\0;95;0c# OIS: Orthogonal Interacting Sequences OIS is a coevolution-based method to generate candidate mutants with orthogonal binding properties. The approach relies on modelling the probability distribution of a joint multiple-sequence alignment of two interacting proteins, followed by Monte-Carlo sampling and candidate mutants selection.
The full description of the method can be found in the original publication.
Table of content
Citation
Paper citation when available.
To compile and run OIS, a working MPI library must be installed. A C++ compiler supporting at least the C++17 standard is required. OIS has been tested using OpenMPI on macOS and Ubuntu.
To compile the software, run
$ make
from the root OIS folder. This creates a single executable ois, which is used to perform the different generation and analysis steps (see a worked-out example).

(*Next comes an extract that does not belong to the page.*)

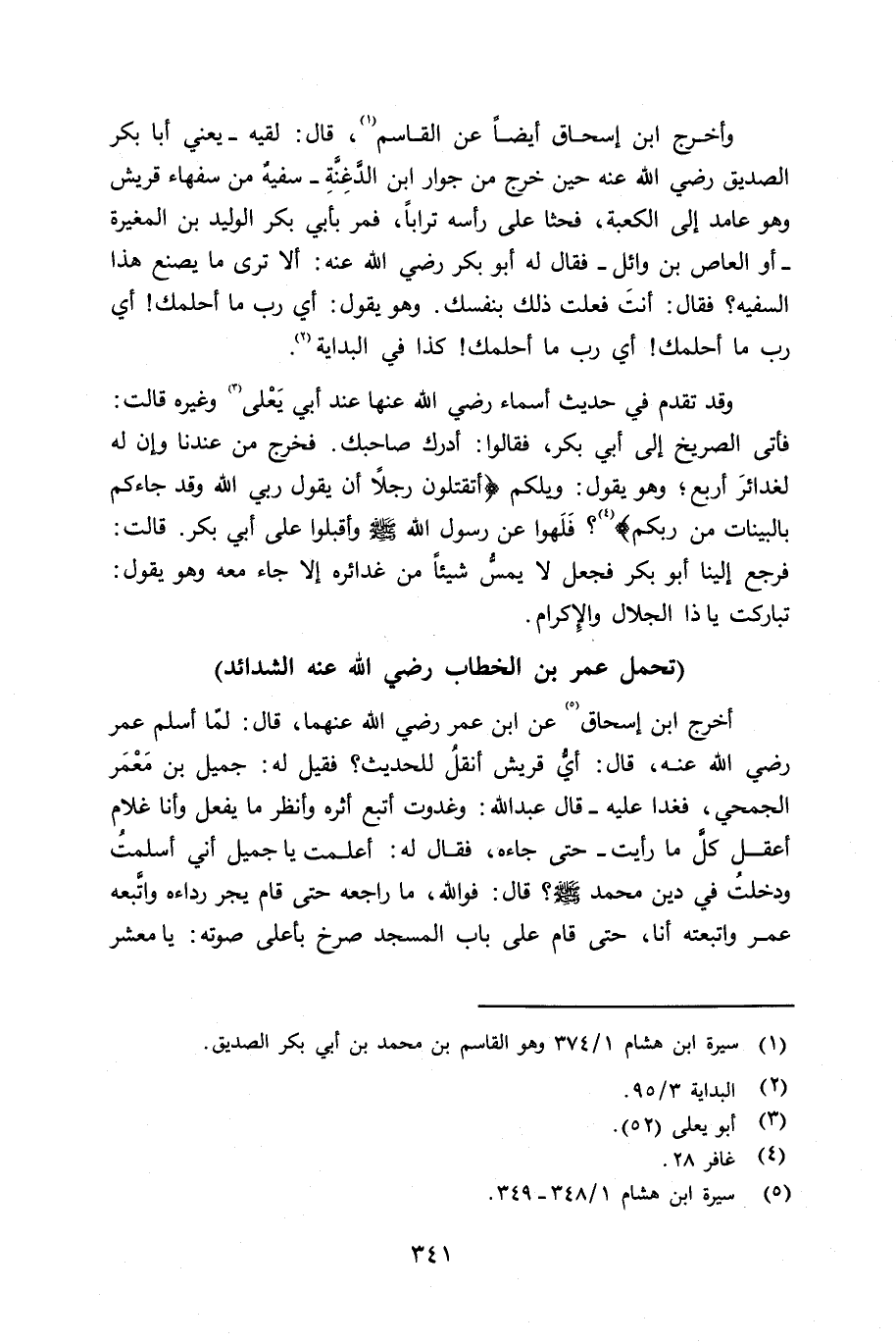 وقد تقدم في حديث أسماء رضي الله عنها (ص 268) عند أبي يَعْلى وغيره قالت: فأتى الصريخ إِلى أبي بكر، فقالوا: أدرك صاحبك. فخرج من عندنا وإِن له لغدائرَ أربع؛ وهو يقول: ويلكم «أتقتلون رجلاً أن يقول ربي الله وقد جاءكم بالبينات من ربكم؟» فَلَهوا عن رسول الله صلى الله عليه وسلم وأقبلوا على أبي بكر. قالت: فرجع إِلينا أبو بكر فجعل لا يمسُّ شيئاً من غدائره إلا جاء معه وهو يقول: تباركت يا ذا الجلال والإِكرام.

To use the utility python scripts in the utilities
folder, python dependencies can be installed by
$ pip3 install -r requirements.txt
OIS is built around three execution modes: Model training, sample generation and sample selection. The -h option displays the available options for any mode.
$ ./ois -h
Usage: ois mode [options]
Available modes are: train, generate, select
No execution mode provided. Exiting.
Train a generalized potts model (the global statistical model) to sequences in a multiple-sequence alignment. To convert the sequences in the appropriate format, use the fastaToMatrix.py utility (see Utility Functions). The training is performed by approximate minimization of an L2-regularized log-likelihood function. The gradient is estimated by Markov-Chain Monte-Carlo sampling at each iteration (Boltzman-learning approach). To run X parallel replicas to estimate the gradient, run
$ mpirun -N X ois train -f samplesFile [options]
Available options are
$ ./ois train -h
Usage: ois train -f samplesFile [options]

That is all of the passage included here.